Housing a vast collection of Danish and European works from the 14th century to the present day, Denmark’s national art museum remains the city’s biggest cultural attraction. Seeing it all in one day is practically impossible, so choose carefully. Highlights include the beautifully lit landscapes of the Skagen School and Vilhelm Hammershøi’s muted 19th-century Copenhagen interiors. Look out for SMK Fridays, when the museum opens during the evening, lets visitors in for free and puts on a spread of drinks, street food and live music.
Established in 1888 by brewing magnate Carl Jacobsen to provide a public home for his private art, the Glyptotek today houses a world-class collection that ranges from ancient Egyptian, Roman and Greek sculpture to paintings from the Danish Golden Age to a marvellous array of French Impressionist pieces. Another highlight is the museum’s glass-domed Winter Garden, which is filled with statues, palm trees and a fountain. Entrance is free on Tuesdays.
Striking architecture and design rewards visitors to this splendid museum in Copenhagen’s northern suburbs. Its fine collection of French and Danish art is spread across three very different (but equally eye-catching) spaces: a 19th-century mansion, a modern extension designed by Zaha Hadid, and an underground extension by Norwegian architects Snøhetta. You’ll also find architect and designer Finn Juhl’s house in its grounds – open to the public, this is worth the entrance fee alone – and an Art Park featuring large-scale works by the likes of Carsten Höller and Olafur Eliasson.
It’s well worth catching a train to the coastal town of Ishøj, just 20km south of Copenhagen, to visit this cultural and architectural gem.
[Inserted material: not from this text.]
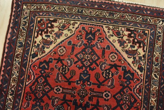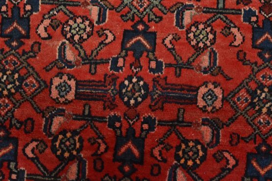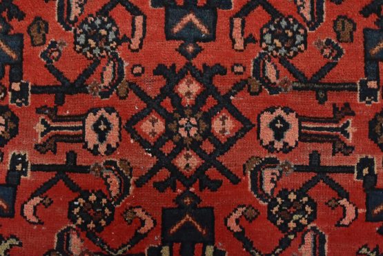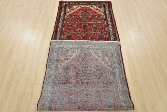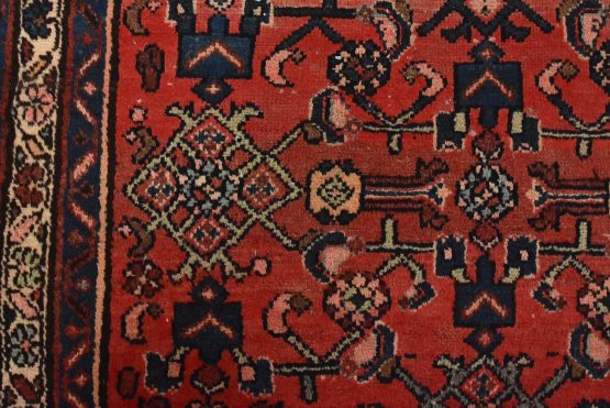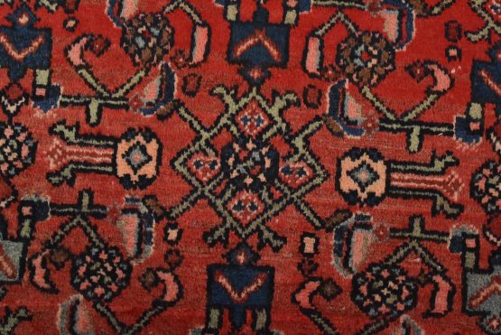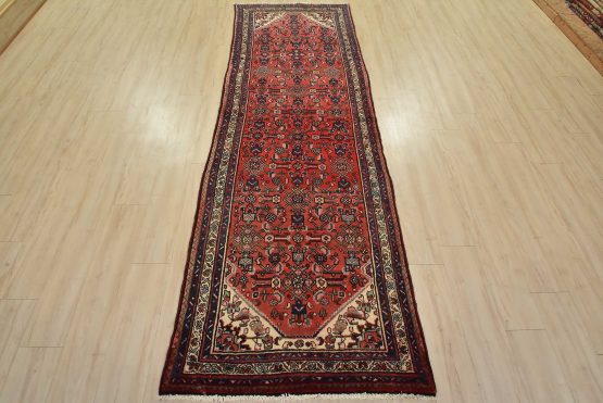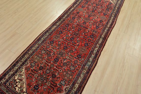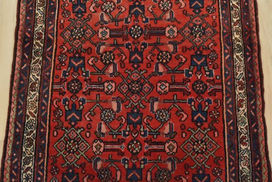 An authentic semi-antique tribal Hamedan runner hand-knotted with fine wool and natural dyes. This rug features an all-over geometric Herati pattern set against a red background. The wool pile shows some minor wear; please refer to the photos. Otherwise, the rug is in very good condition.

Occupying a marvellous shipwreck-inspired building surrounded by windswept dunes, the Arken Museum of Modern Art houses one of Scandinavia’s finest collections of contemporary art. The majority of its 400-plus works represent the period after 1990 and include pieces by Ai Weiwei and Grayson Perry, as well as Danish artists Olafur Eliasson and Tal R.
From furniture and fashion to posters and pottery, discover what makes Danish design so special at this impressive museum in an 18th-century rococo building in the city centre. As well as consistently fascinating temporary exhibitions, highlights include a permanent exhibition of Danish chairs — showcasing influential designs by the likes of Hans Wegner and Arne Jacobsen — and a look at contemporary Danish design, which explores the country’s influence on product design, graphic design and design for public spaces.
Explore Danish history from its prehistoric past to the present day at the country’s largest museum. Both the Inuit and Viking exhibitions are gripping, while prehistoric highlights include the Trundholm Sun Chariot — a stunning Bronze Age artefact found by a farmer in 1902 — and the so-called Egtved Girl’s grave, which contains the bog-preserved body of a woman buried almost 3,500 years ago. A relatively new exhibition on Denmark’s colonial history in the Caribbean, India, West Africa and Greenland is also unmissable.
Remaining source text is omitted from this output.